Task
Pictures are not part of the answer. Return the lines from the one containing "Штора на кухню" through the end of the data, both included, exactly as they appear.

Available data

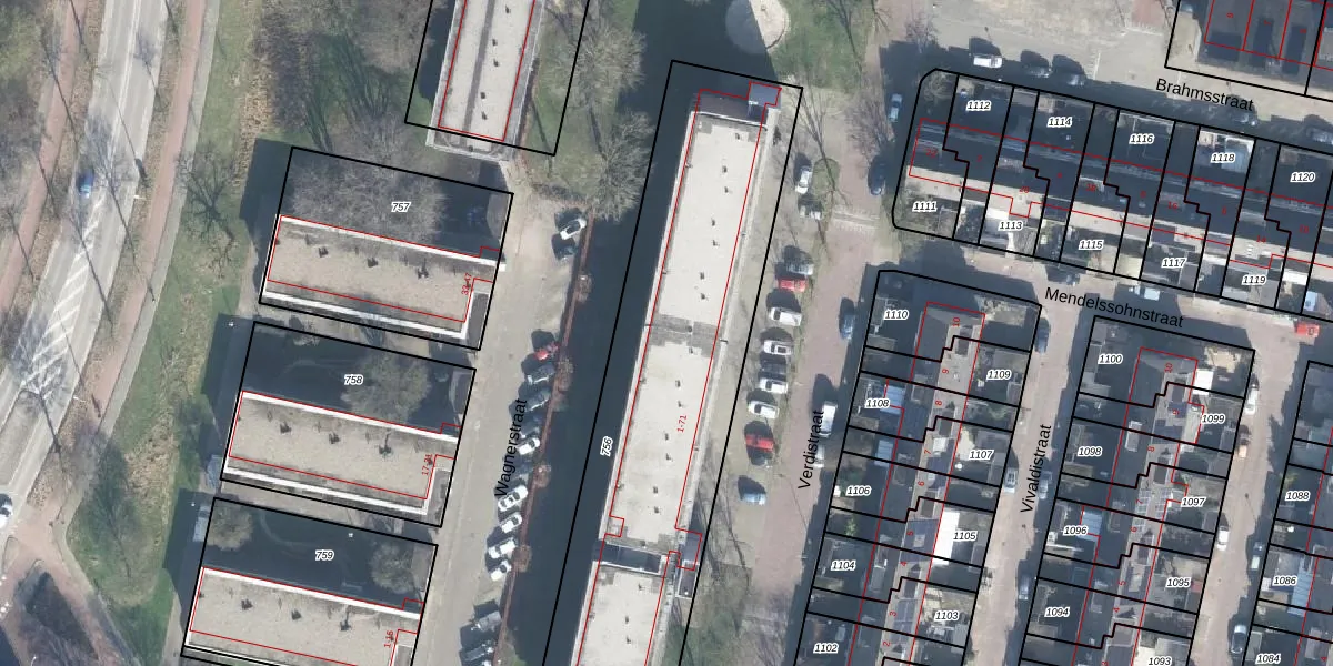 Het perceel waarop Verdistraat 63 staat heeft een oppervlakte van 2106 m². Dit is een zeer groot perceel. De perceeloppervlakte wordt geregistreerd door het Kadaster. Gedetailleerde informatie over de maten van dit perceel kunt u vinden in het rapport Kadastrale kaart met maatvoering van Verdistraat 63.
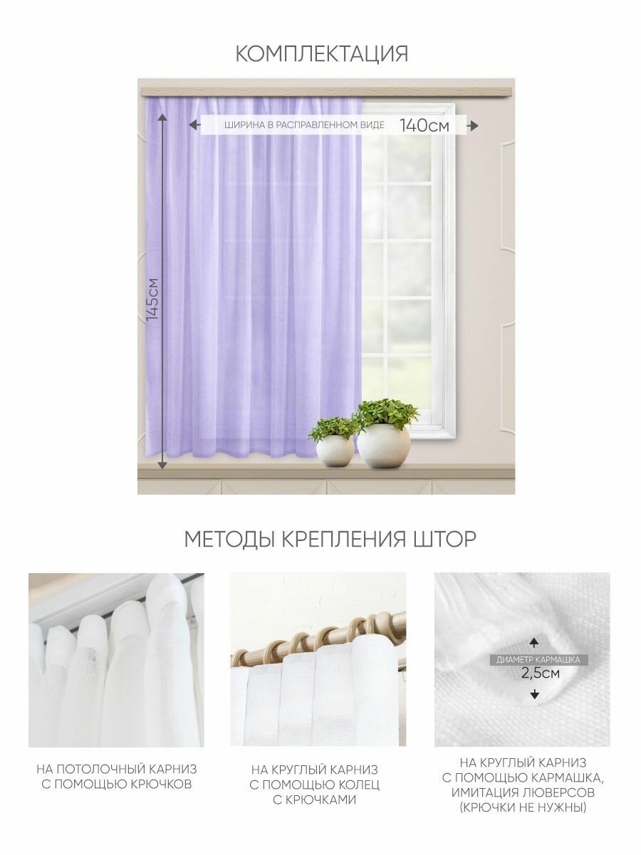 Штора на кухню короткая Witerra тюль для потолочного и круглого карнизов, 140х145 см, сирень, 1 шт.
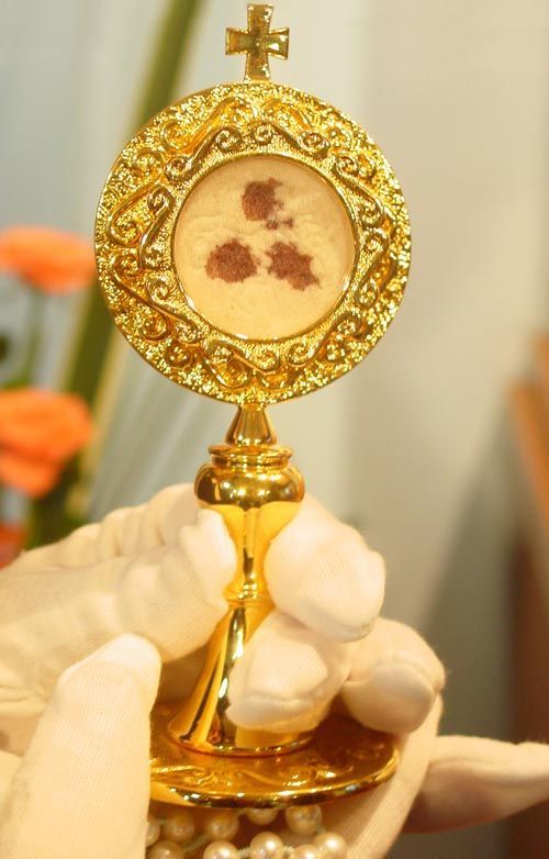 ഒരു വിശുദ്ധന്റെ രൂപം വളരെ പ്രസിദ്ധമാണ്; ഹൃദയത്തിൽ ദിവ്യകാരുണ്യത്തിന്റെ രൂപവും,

Answer box
 Штора на кухню короткая Witerra тюль для потолочного и круглого карнизов, 140х145 см, сирень, 1 шт.
 ഒരു വിശുദ്ധന്റെ രൂപം വളരെ പ്രസിദ്ധമാണ്; ഹൃദയത്തിൽ ദിവ്യകാരുണ്യത്തിന്റെ രൂപവും,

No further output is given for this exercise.